This is the single message part of a larger posting.
Which is here.
https://forum.audacityteam.org/t/effects-chain-theory-question/52107/4
Ordinary Normalize is just a volume booster and should be applied with the Remove DC option selected. That boosts your work to (default) maximum so you can see the blue waves while you’re trying to edit them. It has no processing other than that. DC Removal guards against hardware problems of your microphone, mixer or interface, inaudible, but can cause editing problems.
Following that is EQ or Effect > Equalization, and not just any Equalization. Use Low Rolloff for Speech at about 5000 length. This gets rid of more acoustic rumble and sub-sonic trash.
We part company on Noise Reduction next mostly because until you get closer to the end, you have no idea how much Noise Reduction you will need…if any. Too much Noise Reduction is audible.
This is where you edit your brains out, cutting out fluffs, deleting bad passages and sentences.
DeClicker and DeEsser are used, in general, when you have a home-style microphone trying to be “professional” by boosting the crispness of your presentation. This also has the effect of making every single little mouth imperfection, smack and tick immediately obvious and disturbing. There was a recent ACX recommendation to please stop using home style Condenser Microphones so submission sound will stop doing that. Dynamics are good.
The next two, RMS Normalize and Limiter, are the final steps in the regular ACX Audiobook Mastering found here.

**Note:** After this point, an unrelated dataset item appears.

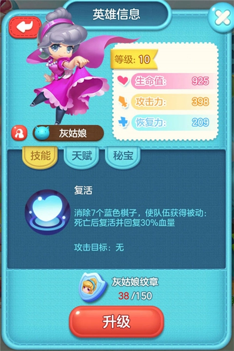 灰姑娘作为蓝色阵营的英雄,拥有复活的特殊技能。当消除7颗蓝色棋子后,她会为整个队伍叠加一层被动状态,该状态能让角色在死亡时触发复活效果,并恢复部分生命值。在应对具备高爆发能力的怪物或实力强劲的BOSS时,选用灰姑娘能有效避免队伍成员被瞬间击败的情况发生。

https://wiki.audacityteam.org/wiki/Audiobook_Mastering
Those guarantee RMS and Peak, two of the three audioboopk specifications.
If you read at good volume with a well-behaved microphone in a quiet room, you can read, edit and skip directly to Audiobook Mastering. If you really did a good job, you won’t need noise reduction at all, or any of those other tools.
This is part of a much larger Recommended Practices and AudioBook Mastering book I’m going to wrote … one of these days.